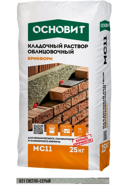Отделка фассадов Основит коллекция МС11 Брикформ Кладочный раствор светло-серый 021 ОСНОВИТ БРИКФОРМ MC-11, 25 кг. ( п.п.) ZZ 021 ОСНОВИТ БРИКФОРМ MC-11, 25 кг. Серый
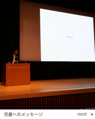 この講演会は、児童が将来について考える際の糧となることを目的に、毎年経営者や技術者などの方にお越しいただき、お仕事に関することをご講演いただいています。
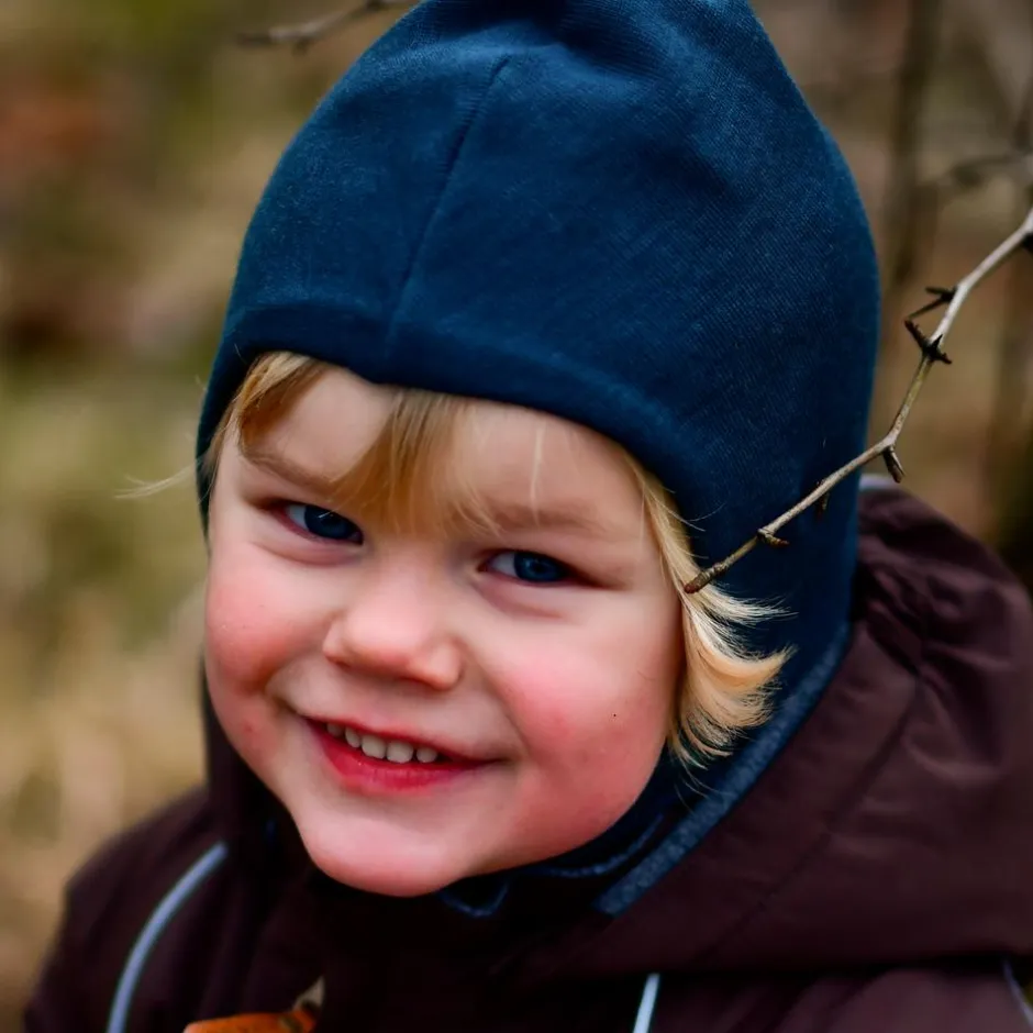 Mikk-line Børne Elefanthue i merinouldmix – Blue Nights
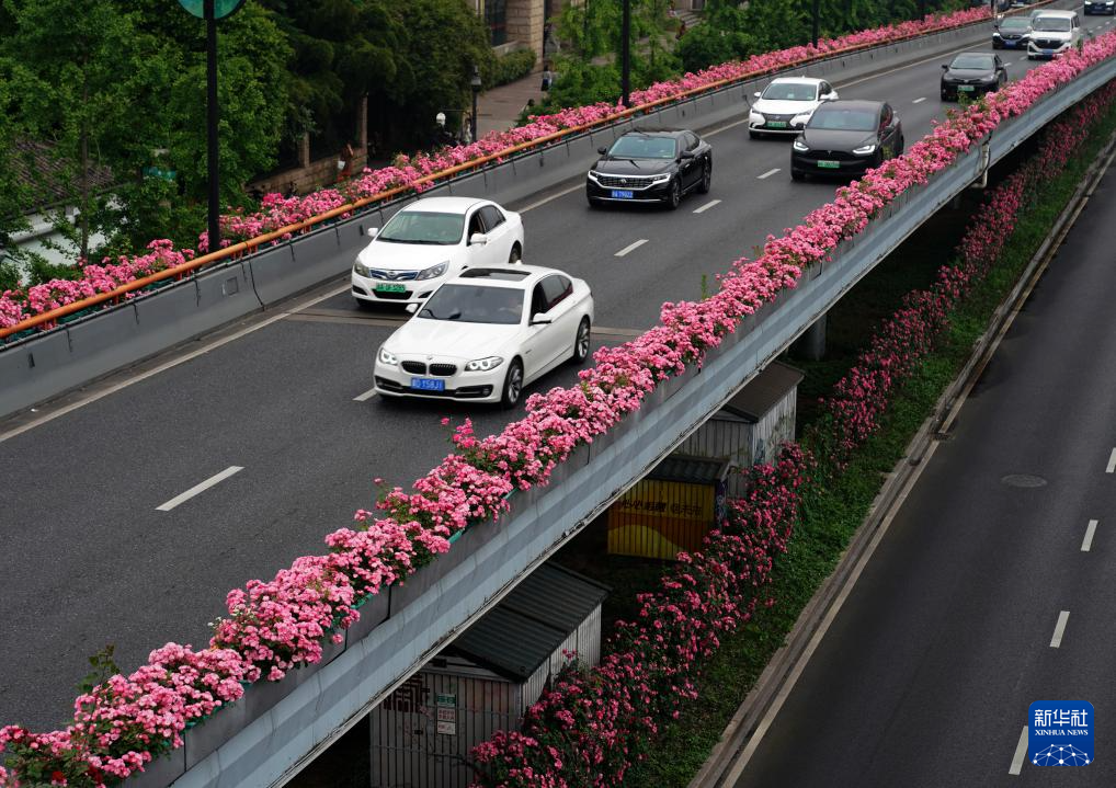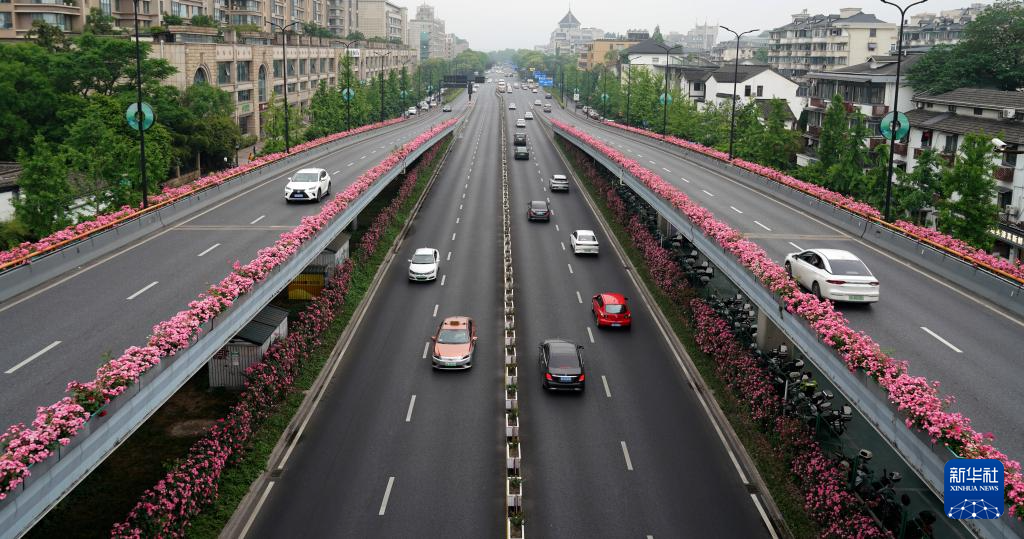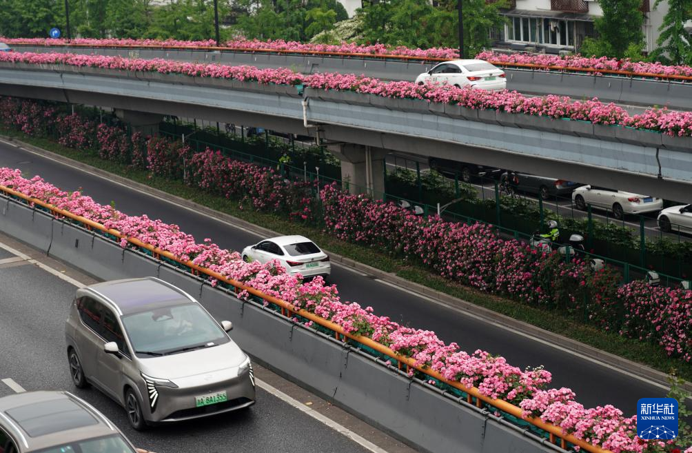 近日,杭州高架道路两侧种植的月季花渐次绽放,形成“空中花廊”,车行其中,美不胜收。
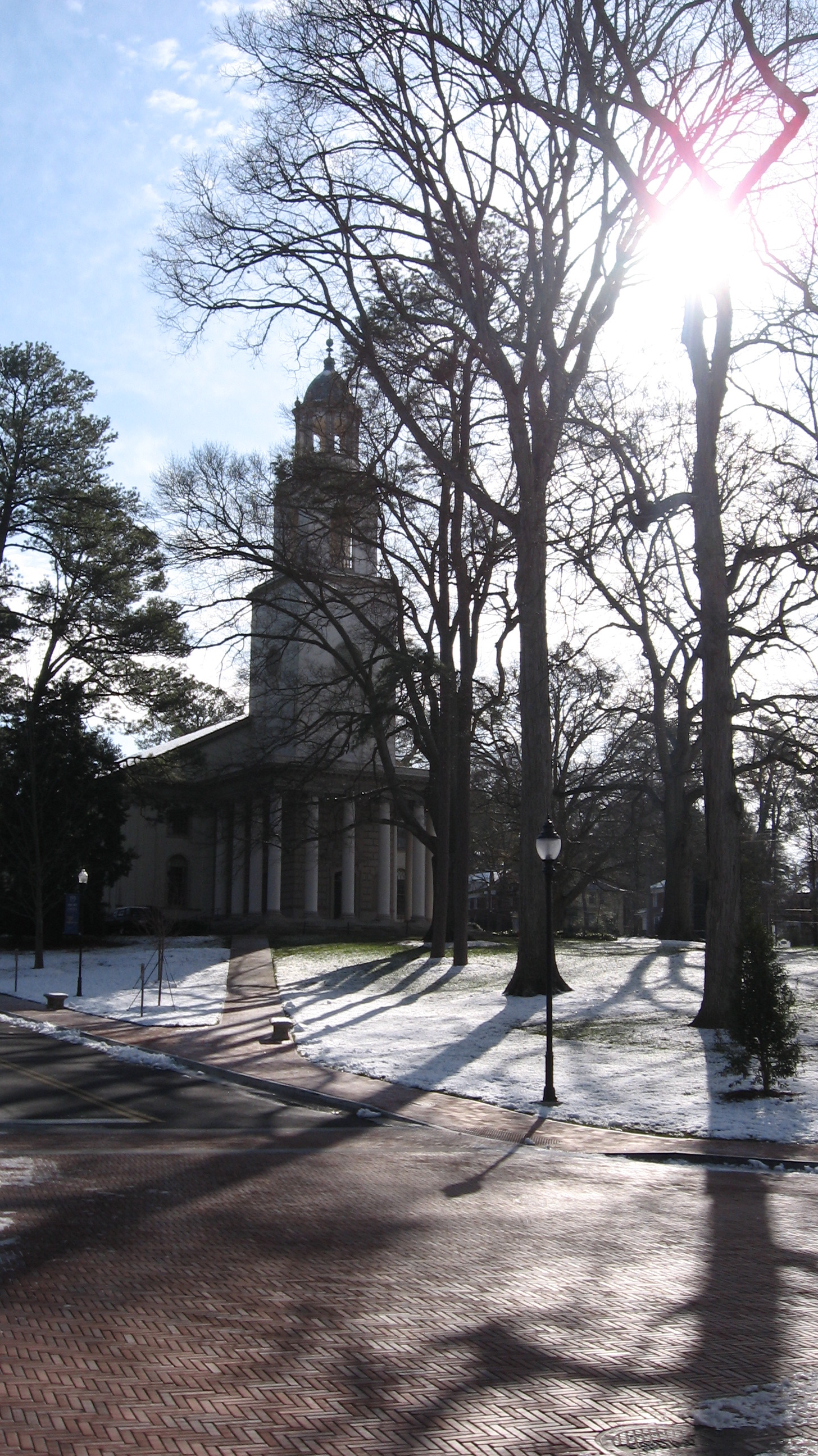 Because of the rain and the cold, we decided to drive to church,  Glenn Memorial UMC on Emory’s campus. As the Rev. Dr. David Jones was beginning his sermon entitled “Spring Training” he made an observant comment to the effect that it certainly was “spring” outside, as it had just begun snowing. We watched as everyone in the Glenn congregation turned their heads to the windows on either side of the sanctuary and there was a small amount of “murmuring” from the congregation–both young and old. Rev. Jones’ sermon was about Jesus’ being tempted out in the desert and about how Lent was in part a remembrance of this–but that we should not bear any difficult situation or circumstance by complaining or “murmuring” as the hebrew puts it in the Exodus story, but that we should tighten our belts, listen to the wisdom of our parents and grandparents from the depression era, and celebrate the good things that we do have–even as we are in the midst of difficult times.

● Work task
Your output should be the full set of entries above, restated word for word and free of pictures.

● Your response
Отделка фассадов Основит коллекция МС11 Брикформ Кладочный раствор светло-серый 021 ОСНОВИТ БРИКФОРМ MC-11, 25 кг. ( п.п.) ZZ 021 ОСНОВИТ БРИКФОРМ MC-11, 25 кг. Серый
 この講演会は、児童が将来について考える際の糧となることを目的に、毎年経営者や技術者などの方にお越しいただき、お仕事に関することをご講演いただいています。
 Mikk-line Børne Elefanthue i merinouldmix – Blue Nights
 近日,杭州高架道路两侧种植的月季花渐次绽放,形成“空中花廊”,车行其中,美不胜收。
 Because of the rain and the cold, we decided to drive to church,  Glenn Memorial UMC on Emory’s campus. As the Rev. Dr. David Jones was beginning his sermon entitled “Spring Training” he made an observant comment to the effect that it certainly was “spring” outside, as it had just begun snowing. We watched as everyone in the Glenn congregation turned their heads to the windows on either side of the sanctuary and there was a small amount of “murmuring” from the congregation–both young and old. Rev. Jones’ sermon was about Jesus’ being tempted out in the desert and about how Lent was in part a remembrance of this–but that we should not bear any difficult situation or circumstance by complaining or “murmuring” as the hebrew puts it in the Exodus story, but that we should tighten our belts, listen to the wisdom of our parents and grandparents from the depression era, and celebrate the good things that we do have–even as we are in the midst of difficult times.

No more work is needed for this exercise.